Internals

Skill System

Skills are methodology files loaded into agents at instantiation time. Three tiers:

Standard Skills (per-language)

Always-available, triggered by pattern flags from recon. Examples: ORACLE_ANALYSIS, SEMI_TRUSTED_ROLES, TOKEN_FLOW_TRACING, FLASH_LOAN_INTERACTION.

Language	Skills
EVM	18
Solana	20
Aptos	22 (21 + core directives)
Sui	22 (21 + core directives)
Soroban	19 (13 cross-language + 6 Soroban-specific)

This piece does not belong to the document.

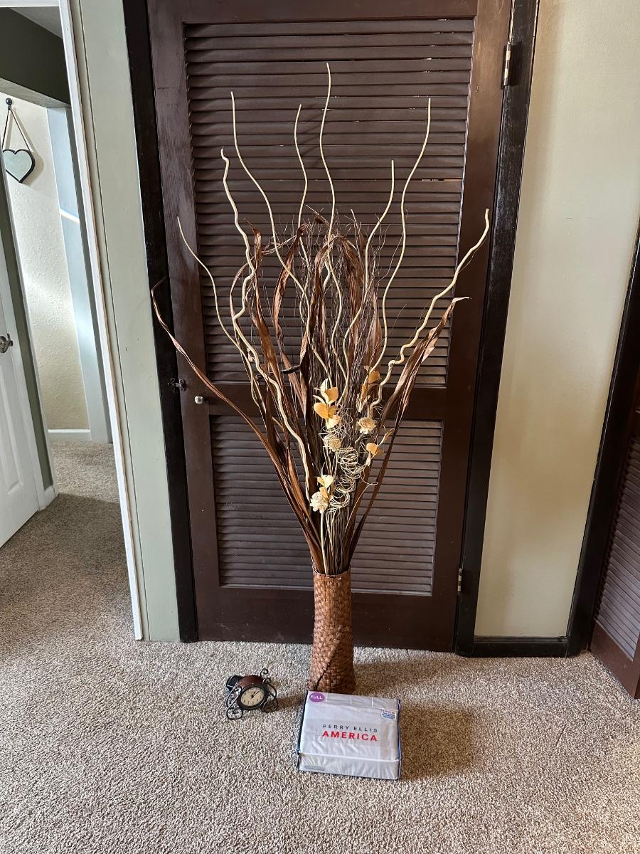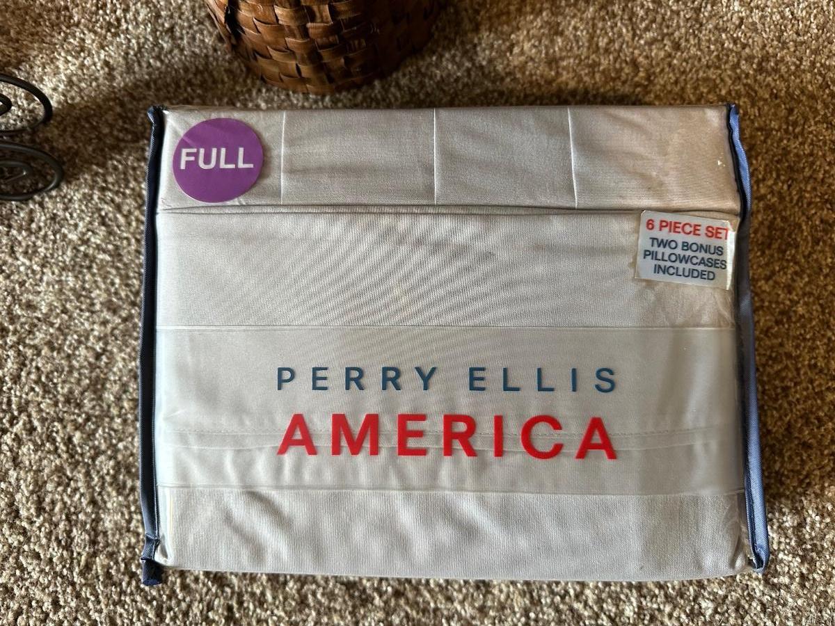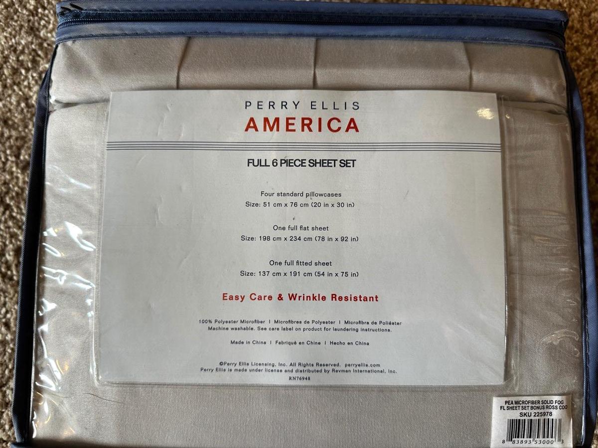 PERRY ELLIS 6 PIECE FULL SHEET SET, HOWARD MILLER CLOCK AND HOME DECOR VASE WITH FAUX PLANTS

Injectable Skills (protocol-type-specific)

Loaded only when recon classifies the protocol as a matching type. Appended to existing agents (8 total):

Skill	Trigger
VAULT_ACCOUNTING	`vault` protocol type
ACCOUNT_ABSTRACTION_SECURITY	ERC-4337, EntryPoint, UserOperation
NFT_PROTOCOL_SECURITY	ERC721/1155 with marketplace/staking/collateral
GOVERNANCE_ATTACK_VECTORS	Governor, Timelock, voting, proposal
OUTCOME_DETERMINISM	Finite-pool selection with depletion fallback
LENDING_PROTOCOL_SECURITY	liquidate/borrow/repay/collateral/LTV/healthFactor
DEX_INTEGRATION_SECURITY	swap/addLiquidity/removeLiquidity (non-DEX protocols)
INTEGRATION_HAZARD_RESEARCH	NAMED_EXTERNAL_PROTOCOL flag (named external protocol imports)

Niche Agents (flag-triggered standalone)

Spawn as independent agents (1 depth budget slot each, 8 total):

Agent	Trigger
EVENT_COMPLETENESS	`MISSING_EVENT` flag
SEMANTIC_GAP_INVESTIGATOR	Semantic invariant flags
SPEC_COMPLIANCE_AUDIT	`HAS_DOCS` flag
SIGNATURE_VERIFICATION_AUDIT	`HAS_SIGNATURES` flag
SEMANTIC_CONSISTENCY_AUDIT	`HAS_MULTI_CONTRACT` flag
MULTI_STEP_OPERATION_SAFETY	`MULTI_STEP_OPS` flag (approve/delegate + on-behalf-of)
CALLBACK_RECEIVER_SAFETY	`OUTCOME_CALLBACK` flag (EVM only)
DIMENSIONAL_ANALYSIS	`MIXED_DECIMALS` flag (EVM only)
STABLESWAP_COMPLIANCE	`STABLESWAP_FORK` flag (Curve/StableSwap fork)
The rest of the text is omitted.